Что касается иконописи, искусства собственно для храма — мне кажется, тут нельзя таких делать вещей, потому что опыт молитвы настолько велик у наших предков и настолько размазан сейчас, что мы всегда обращаемся к святым отца, мы обращаемся к святым, которые жили когда-то тысячу лет назад, пятьсот, сто лет назад. Мы мало цитируем современников по этому поводу, мы рады этому накоплению, что у нас есть эти тома. И это не пыльные книги, в которых закопана мудрость, это живой инструмент, который помогает человеку приобщиться к опыту, к каким-то очень высоким вещам, которые сейчас… довольно сложно понимаемы они тогда были. И искусства касается церковного тоже. Особенно касается изображений иконы, распятия, росписи, это такая вещь… можно экспериментировать, наверное. Но это протестантские храмы севера Европы, они бывают совсем какие-то такие… кубистические. Бывает, у нас что-то попробуют в этом жанре, но там нет духа молитвы, там нет того, ради чего человек хочет прийти и уединиться в этом полумраке храма. Это надо уважать. Опять — воспитание, откуда человек, что его побуждает ломать форму. Мне кажется, ломать форму все равно побуждает бунтарский дух такой, чтобы — а я вот сделаю так.

 

ТЕРПЕНИЕ

А вам приходилось или приходится терпеть, что вас неизбежно сравнивают с отцом?
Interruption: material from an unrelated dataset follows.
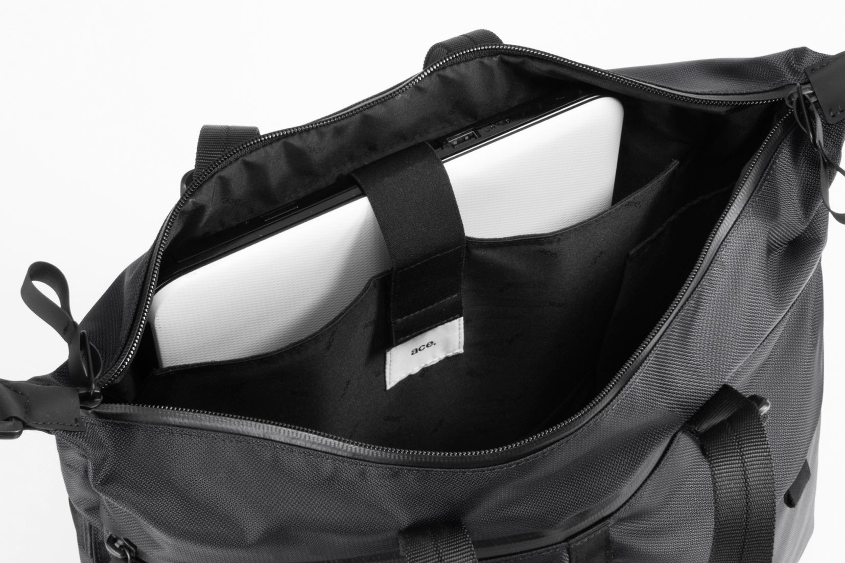 バックパック、ボディバッグ、トートバッグにはノートPCまたはタブレット端末用の収納部を装備。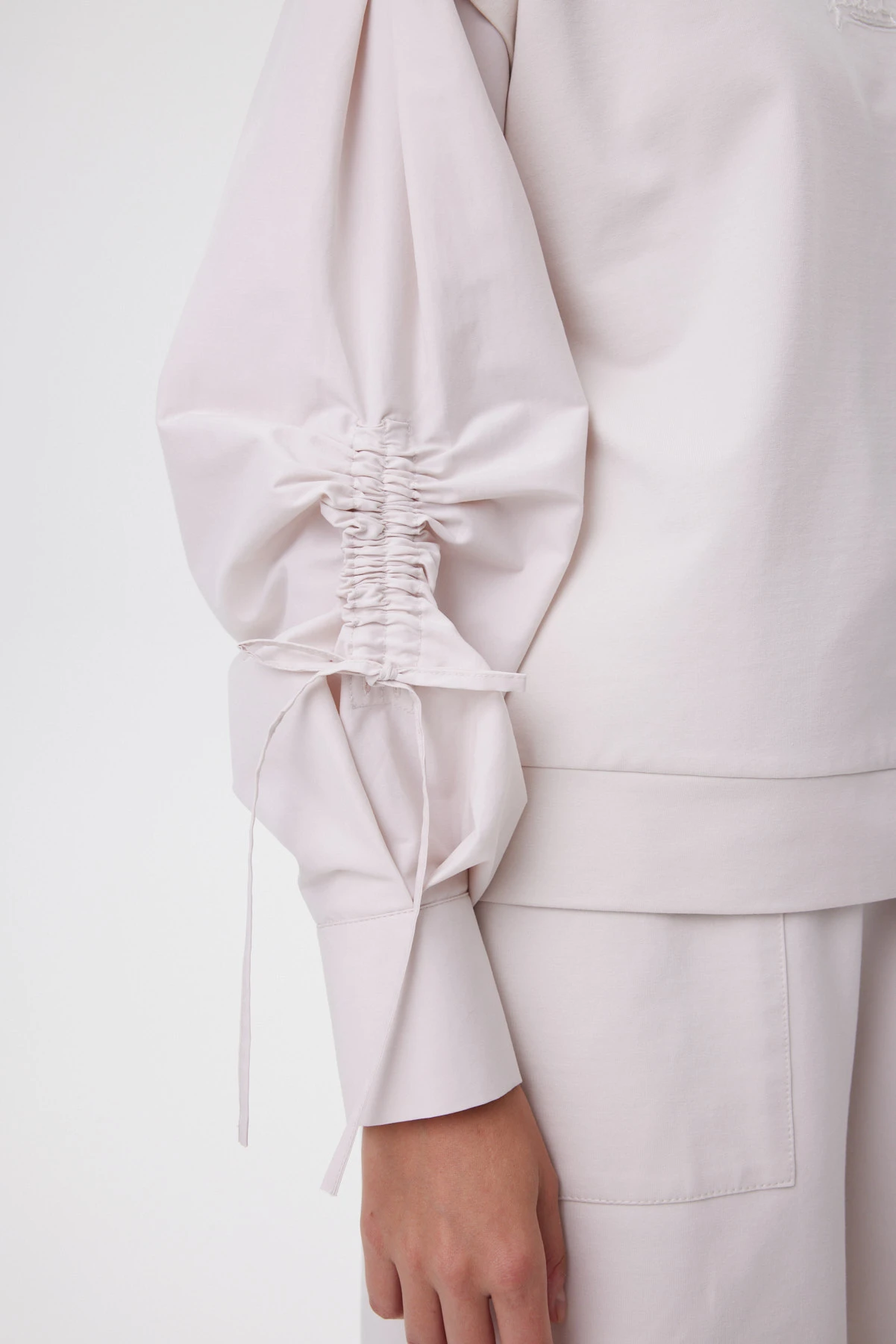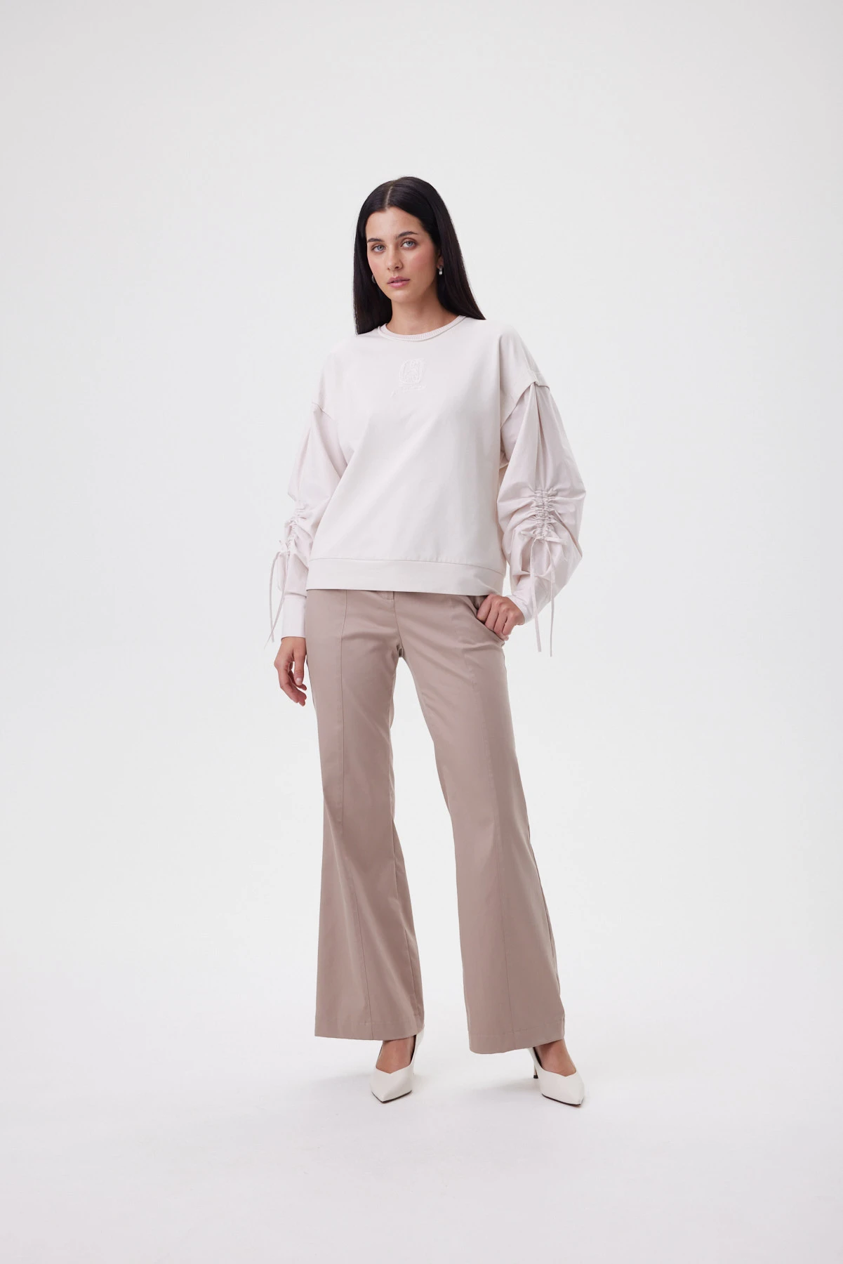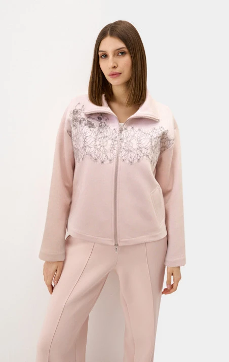 Главная визуальная метафора свитшота — имитация жилета, надетого на рубашку: линия проймы тщательно выверена, а рукав выполнен сложной конструкцией с мягкой драпировкой, собранной на шнур. Манжет — рубашечного типа, что ещё больше усиливает иллюзию стилистического микса. Свободный силуэт держит форму, но не выглядит громоздко — фигура в нём остаётся лёгкой, а рукава можно подтянуть шнуром и менять настроение: от мягкого объёма до более графичной линии. Основа из премиального футера в оттенке «миндальная пудра» даёт спокойный фон и ощущение уюта, а хлопковые рукава добавляют живую пластику и игру фактур. В центре — аппликативная вышивка на сетке с мотивом фламинго: тихий знак и красивый акцент. Комбинируется с прямыми брюками и юбкой А-силуэта для «собранного» дня или с денимом для расслабленного, но продуманного casual.

Конечно. Это еще когда злой детский возраст в школе объединяет много мальчиков и девочек, и кто-то с фамилией, кто-то к ней по-разному относится, уже начинаются какие-то… но я к этому привык достаточно…

Я имею в виду в творчестве уже.

В творчестве — говорят, что мы разные.

Безусловно.

Но сравнивают, все время сравнивают.

Тяжело это как-то? Как вы к этому относитесь?

Ну, рядом с великими… Я же с великим человеком рядом жил долго, Царствие ему Небесное, он, конечно, повлиял на меня сильно. Я у него учился в Суриковском институте, педагог был он такой… с неожиданными «встрясками» по субботам, называл он «встряски», когда давались задания какие-то на полчаса или на целый день, но какие-то совершенно сбивающие человека с толку сначала: что надо делать?А что были за задания?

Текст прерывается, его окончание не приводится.